Signs of hypoglycemic coma are not specific. This means that they can be attributed to other states accompanying diabetes. For example, diabetics with constantly high sugar can feel hunger due to severe insulin resistance, and with diabetic neuropathy, heartbeats and sweating are possible. The convulsions before the coma is easy for epilepsy, and panic attacks have the same vegetative symptoms as hypoglycemia.

The only reliable way to confirm the hypoglycemia is a laboratory analysis that determines the level of glucose in plasma.

The diagnosis is made under the following conditions:

  1. Glucose is less than 2.8, while there are signs of the hypoglycemic coma.
  2. Glucose is less than 2.2, if such signs are not observed.

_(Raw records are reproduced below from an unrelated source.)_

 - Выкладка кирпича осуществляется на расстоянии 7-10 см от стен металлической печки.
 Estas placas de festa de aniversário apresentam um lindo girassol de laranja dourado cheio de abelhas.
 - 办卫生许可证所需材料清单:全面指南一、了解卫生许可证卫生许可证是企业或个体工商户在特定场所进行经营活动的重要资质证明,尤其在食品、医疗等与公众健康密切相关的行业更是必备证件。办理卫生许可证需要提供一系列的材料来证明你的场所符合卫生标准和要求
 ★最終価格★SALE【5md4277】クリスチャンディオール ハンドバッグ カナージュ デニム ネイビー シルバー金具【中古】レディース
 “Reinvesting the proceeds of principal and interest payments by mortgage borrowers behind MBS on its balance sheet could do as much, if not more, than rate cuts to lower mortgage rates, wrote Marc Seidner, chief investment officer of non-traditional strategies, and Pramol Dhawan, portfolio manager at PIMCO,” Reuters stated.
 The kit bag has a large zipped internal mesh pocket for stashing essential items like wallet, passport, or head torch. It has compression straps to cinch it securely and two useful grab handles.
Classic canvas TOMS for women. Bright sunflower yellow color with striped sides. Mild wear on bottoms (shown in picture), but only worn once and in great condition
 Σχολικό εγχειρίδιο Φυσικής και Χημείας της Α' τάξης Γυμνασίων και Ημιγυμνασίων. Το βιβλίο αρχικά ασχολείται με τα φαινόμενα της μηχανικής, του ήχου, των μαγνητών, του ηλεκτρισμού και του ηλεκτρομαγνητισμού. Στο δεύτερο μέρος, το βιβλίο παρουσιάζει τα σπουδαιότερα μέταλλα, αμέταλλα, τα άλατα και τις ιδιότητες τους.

Also use the diagnostic sample - 40 ml of glucose solution (40%) is introduced into vein. If blood sugar decreased due to lack of carbohydrates or overdose of drugs during diabetes, the symptoms are immediately softened.

Part of the blood plasma, taken when entering the hospital, frozen. If, after eliminating coma, its reasons will not be revealed, this plasma is sent to a detailed analysis.

Hospital treatment

With a mild coma, consciousness is restored immediately after the diagnostic sample. In the future, diabetics will require only a survey to identify the cause of hypoglycemic disorders and correction of previously prescribed treatment of diabetes. If the patient did not come into consciousness, they diagnose hard to whom. In this case, the amount of intravenously introduced 40% glucose solution is increased to 100 ml. Then transition to permanent administration using a dropper or an infusion pump of a 10% solution until the blood sugar does not reach much / l.

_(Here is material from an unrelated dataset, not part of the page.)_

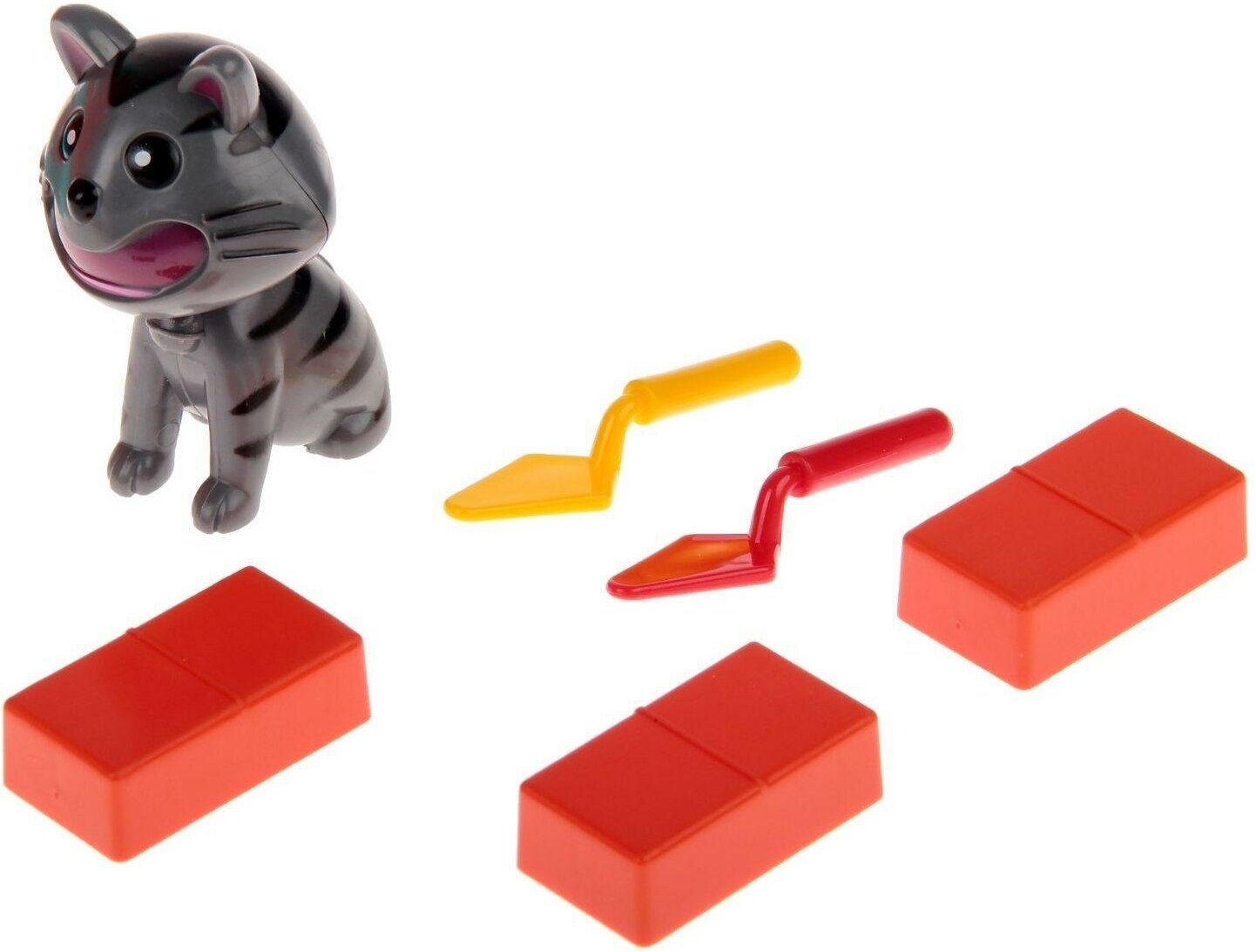 | Комплектация | подставка, кирпичи 44 шт., мастерки 2 шт., фигурка кошки |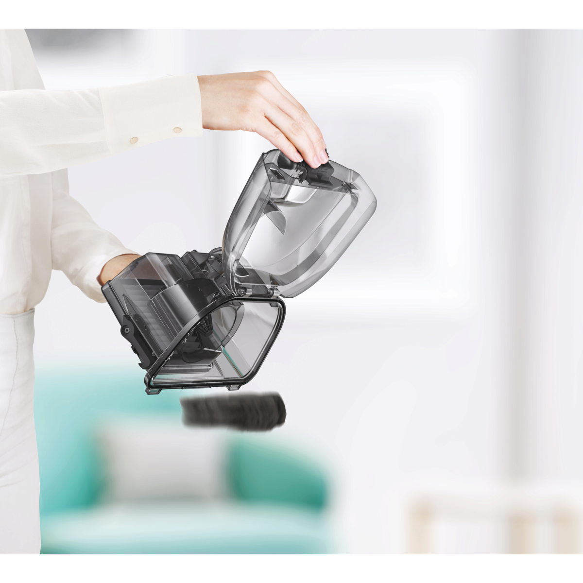Nič več prahu s posodo brez vrečke – za preprosto sesanje in praznjenje posode.

If it turned out that the coma arose due to overdose of sugar-based funds, the stomach was washing and give enterosorbents. If a strong insulin overdose is likely and less than 2 hours have passed since the injection, it is excited by soft tissues at the injection site.

Simultaneously with the liquidation of hypoglycemia, its complications are treated:

  1. Diuretics with suspected brain edema - mannitol (15% solution at the rate of 1 g per kg of weight), then Laziks (mg).
  2. Nootrop piracetam improves blood flow in the brain and helps preserve cognitive abilities (10-20 ml of 20% solution).
  3. Insulin, potassium preparations, ascorbic acid, when blood sugar is already enough and it is necessary to improve its penetration into the tissue.
  4. Thiamine with suspected alcohol hypoglycemic to someone or exhaustion.

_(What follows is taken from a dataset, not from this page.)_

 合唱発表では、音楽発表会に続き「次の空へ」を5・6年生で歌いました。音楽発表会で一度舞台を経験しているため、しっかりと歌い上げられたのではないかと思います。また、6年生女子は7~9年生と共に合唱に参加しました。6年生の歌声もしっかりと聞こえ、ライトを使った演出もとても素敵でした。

Complications of the hypoglycemic coma

Upon the occurrence of severe hypoglycemic states, the body is trying to prevent negative consequences for the nervous system - speeds up the emission of hormones, increases cerebral blood flow several times to enhance the inflow of oxygen and glucose. Unfortunately, compensatory reserves are able to prevent damage in the brain for a fairly short time.

If the treatment does not give the results more than half an hour, it is possible to say with a high probability that complications arose. If coma does not stop more than 4 hours, a great chance of severe irreversible neurological pathologies. Due to long starvation, brain swells develops, necrosis of individual sites. Because of the excess of catecholamines, the tone of the vessels decreases, the blood in them begins to be forced, thrombosis and small hemorrhages occur.

In the elderly diabetics, the hypoglycemic coma may be complicated by heart attacks and strokes, damage to the psyche. Reasonable consequences are possible - early dementia, epilepsy, Parkinson's disease, encephalopathy.

In the near future we will publish information.